Stored items from a collection
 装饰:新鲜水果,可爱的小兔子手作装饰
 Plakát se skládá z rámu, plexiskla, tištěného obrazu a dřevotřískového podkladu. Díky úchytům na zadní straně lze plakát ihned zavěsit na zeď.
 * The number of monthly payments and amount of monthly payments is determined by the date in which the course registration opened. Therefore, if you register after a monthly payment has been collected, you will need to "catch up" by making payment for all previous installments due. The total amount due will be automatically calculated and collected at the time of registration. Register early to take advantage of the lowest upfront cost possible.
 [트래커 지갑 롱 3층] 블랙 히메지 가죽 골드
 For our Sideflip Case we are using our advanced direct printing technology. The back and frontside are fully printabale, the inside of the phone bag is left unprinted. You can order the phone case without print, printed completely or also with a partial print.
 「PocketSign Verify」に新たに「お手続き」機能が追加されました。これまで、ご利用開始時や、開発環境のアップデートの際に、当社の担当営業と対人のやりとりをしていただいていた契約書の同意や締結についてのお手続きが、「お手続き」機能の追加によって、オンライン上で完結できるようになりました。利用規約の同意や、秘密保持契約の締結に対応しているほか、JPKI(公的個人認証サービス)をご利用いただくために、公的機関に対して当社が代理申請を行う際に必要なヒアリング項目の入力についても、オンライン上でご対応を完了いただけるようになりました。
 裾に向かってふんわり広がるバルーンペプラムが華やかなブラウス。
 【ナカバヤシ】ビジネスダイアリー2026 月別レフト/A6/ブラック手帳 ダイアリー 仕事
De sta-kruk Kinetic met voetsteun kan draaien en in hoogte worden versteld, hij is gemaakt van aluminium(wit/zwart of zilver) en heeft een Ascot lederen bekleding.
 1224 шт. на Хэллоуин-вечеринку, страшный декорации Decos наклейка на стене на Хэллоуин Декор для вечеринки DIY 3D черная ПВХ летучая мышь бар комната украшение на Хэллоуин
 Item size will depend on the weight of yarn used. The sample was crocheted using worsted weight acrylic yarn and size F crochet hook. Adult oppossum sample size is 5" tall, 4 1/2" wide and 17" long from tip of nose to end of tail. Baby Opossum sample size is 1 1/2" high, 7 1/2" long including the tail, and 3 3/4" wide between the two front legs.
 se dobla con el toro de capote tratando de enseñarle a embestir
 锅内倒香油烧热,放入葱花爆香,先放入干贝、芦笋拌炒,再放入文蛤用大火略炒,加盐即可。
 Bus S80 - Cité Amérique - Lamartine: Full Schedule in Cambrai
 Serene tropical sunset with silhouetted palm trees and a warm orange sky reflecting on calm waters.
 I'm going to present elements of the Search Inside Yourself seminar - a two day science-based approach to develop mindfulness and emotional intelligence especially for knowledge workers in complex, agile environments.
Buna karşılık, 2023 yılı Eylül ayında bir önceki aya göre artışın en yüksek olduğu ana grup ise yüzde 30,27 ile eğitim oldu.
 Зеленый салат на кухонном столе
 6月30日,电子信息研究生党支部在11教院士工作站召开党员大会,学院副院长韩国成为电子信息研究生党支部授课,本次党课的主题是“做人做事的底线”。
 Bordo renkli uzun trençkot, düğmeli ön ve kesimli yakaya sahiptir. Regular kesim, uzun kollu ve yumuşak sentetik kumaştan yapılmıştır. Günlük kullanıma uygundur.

### Problem
Retype the entries exactly from the first line, stopping after the line with "裾に向かってふんわり広がるバルーンペプラムが華やかなブラウス。".

### Reply to the exercise
 装饰:新鲜水果,可爱的小兔子手作装饰
 Plakát se skládá z rámu, plexiskla, tištěného obrazu a dřevotřískového podkladu. Díky úchytům na zadní straně lze plakát ihned zavěsit na zeď.
 * The number of monthly payments and amount of monthly payments is determined by the date in which the course registration opened. Therefore, if you register after a monthly payment has been collected, you will need to "catch up" by making payment for all previous installments due. The total amount due will be automatically calculated and collected at the time of registration. Register early to take advantage of the lowest upfront cost possible.
 [트래커 지갑 롱 3층] 블랙 히메지 가죽 골드
 For our Sideflip Case we are using our advanced direct printing technology. The back and frontside are fully printabale, the inside of the phone bag is left unprinted. You can order the phone case without print, printed completely or also with a partial print.
 「PocketSign Verify」に新たに「お手続き」機能が追加されました。これまで、ご利用開始時や、開発環境のアップデートの際に、当社の担当営業と対人のやりとりをしていただいていた契約書の同意や締結についてのお手続きが、「お手続き」機能の追加によって、オンライン上で完結できるようになりました。利用規約の同意や、秘密保持契約の締結に対応しているほか、JPKI(公的個人認証サービス)をご利用いただくために、公的機関に対して当社が代理申請を行う際に必要なヒアリング項目の入力についても、オンライン上でご対応を完了いただけるようになりました。
 裾に向かってふんわり広がるバルーンペプラムが華やかなブラウス。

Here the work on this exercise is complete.